Vehicle emission control systems may be configured to store fuel vapors from fuel tank refueling and diurnal engine operations in a fuel vapor canister, and then purge the stored vapors during a subsequent engine operation. The stored vapors may be routed to engine intake for combustion, further improving fuel economy.
However, engine run time in hybrid vehicles (HEVs) may be limited, thus limiting engine manifold vacuum, which is typically used to draw fresh air through the fuel vapor canister to desorb the stored fuel vapors. Thus, opportunities for purging fuel vapor from the canister may also be limited. Even if purge conditions are met, the conditions may only be held for a short period of time, leading to incomplete purge cycles. This may result in residual fuel vapors stored in the canister for long periods of time. Over the course of a diurnal cycle, the fuel vapors may desorb from the canister and result in increased bleed emissions.
The desorption of fuel vapors from adsorption material is an endothermic reaction. The desorption efficiency may be increased by heating the fuel vapor canister and/or the purge air. However, dedicated canister heaters add manufacturing costs, and provide an additional load on the vehicle battery. Further the adsorption of fuel vapor to adsorption material is an exothermic reaction. Increasing the efficiency of this reaction would require an additional canister cooling element. Heating the canister without subsequent cooling may limit fuel vapor adsorption in situations where a purge event is followed immediately by the venting of the fuel tank.
The inventors herein have recognized the above problems, and have developed systems and methods to at least partially address them. In one example, a system for an engine, comprising: a fuel vapor canister coupled to a fuel tank; a thermal jacket comprising a phase-change material, the thermal jacket spatially sheathing the fuel vapor canister; and an engine coolant passage positioned to transfer thermal energy between engine coolant and the phase-change material. In this way, the phase-change material may buffer the temperature of the fuel vapor canister by absorbing heat generated during hydrocarbon adsorption, and returning the heat to the vapor canister during hydrocarbon desorption. By coupling the phase-change material to engine coolant, the thermal capacity of the thermal jacket can be increased, as heated coolant can thus transfer thermal energy to the phase-change material to replace the thermal energy transferred to the canister during hydrocarbon desorption.
In another example, a method for a vehicle, comprising: circulating engine coolant through a thermal jacket comprising a phase-change material, the thermal jacket sheathing a fuel vapor canister; and then purging the fuel vapor canister to an engine intake. In this way, the fuel vapor canister may be heated prior to the purge operation, increasing the efficiency of the purge operation, thus decreasing the quantity of residual fuel vapor in the fuel vapor canister. In this way, bleed emissions may be reduced.

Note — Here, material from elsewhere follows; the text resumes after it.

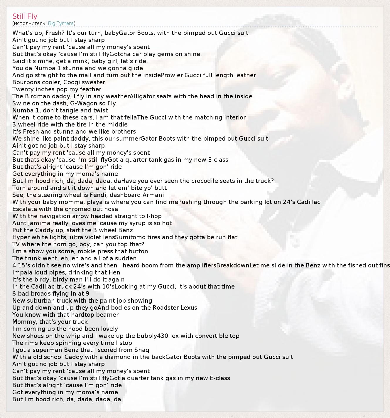 Это интересно:Big Tymers-это группа в состав которой входят Birdman и Manny Fresh. BirdmanБрайан Уильямс, известный нам как Birdman , родился 15 февраля 1969 года в Новом Орлеане. В 1991 году он, вместе со своим братом Рональдом Уильямсом основал лэйбл Cash Money Records.Когда он еще не поражал музыкальную индустрию, ни поклонники, ни даже сам Бэйби не предполагали, что промышленность рэпа позволит ему и Cash Money Millionaires играть... продолжение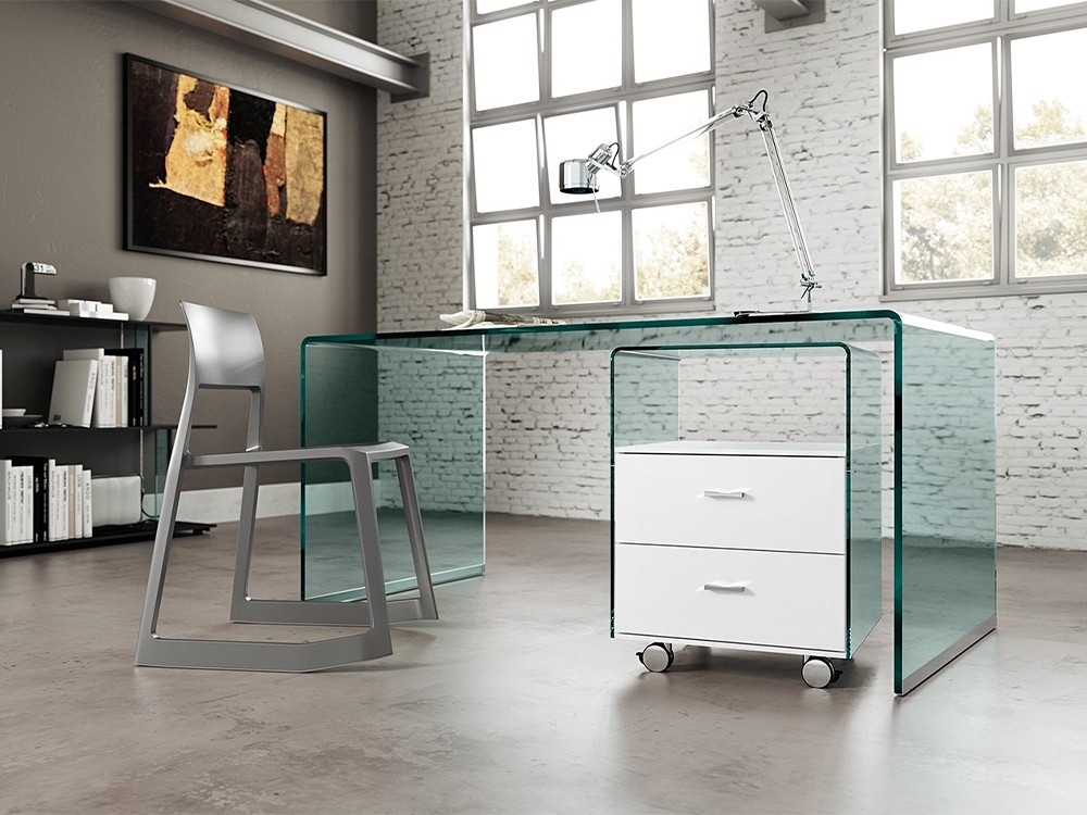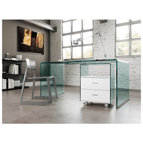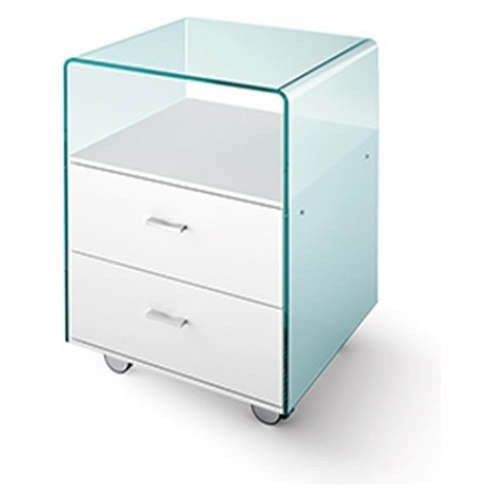 Designed by CRS Fiam, this elegant drawer unit exudes the grace and charm reminiscent of Italian design. Crafted from 8mm curved transparent glass with a white lacquered wood frame, this drawer unit is perfect for any contemporary home office.

In yet another example, a system for a vehicle, comprising: a fuel tank coupled to a fuel vapor canister; an engine intake coupled to the fuel vapor canister via a canister purge valve; a vent line coupled between the fuel vapor canister and atmosphere via a canister vent valve; a thermal jacket configured to spatially sheath the fuel vapor canister, the thermal jacket comprising: a phase change material; an engine coolant inlet; an engine coolant outlet; and channels routed within the thermal jacket coupling the engine coolant inlet and the engine coolant outlet; and a controller configured with instructions stored in non-transitory memory, that when executed, cause the controller to: circulate engine coolant through the thermal jacket; and open the canister purge valve and the canister vent valve responsive to a temperature of the fuel vapor canister increasing above a temperature threshold. In this way, thermal energy from the engine coolant may be transferred to the phase change material, which in turn may transfer the thermal energy to the fuel vapor canister. This eliminates the need for an additional vapor canister heating element, thereby decreasing manufacturing costs and conserving energy within the engine system.
The above advantages and other advantages, and features of the present description will be readily apparent from the following Detailed Description when taken alone or in connection with the accompanying drawings.
It should be understood that the summary above is provided to introduce in simplified form a selection of concepts that are further described in the detailed description. It is not meant to identify key or essential features of the claimed subject matter, the scope of which is defined uniquely by the claims that follow the detailed description. Furthermore, the claimed subject matter is not limited to implementations that solve any disadvantages noted above or in any part of this disclosure.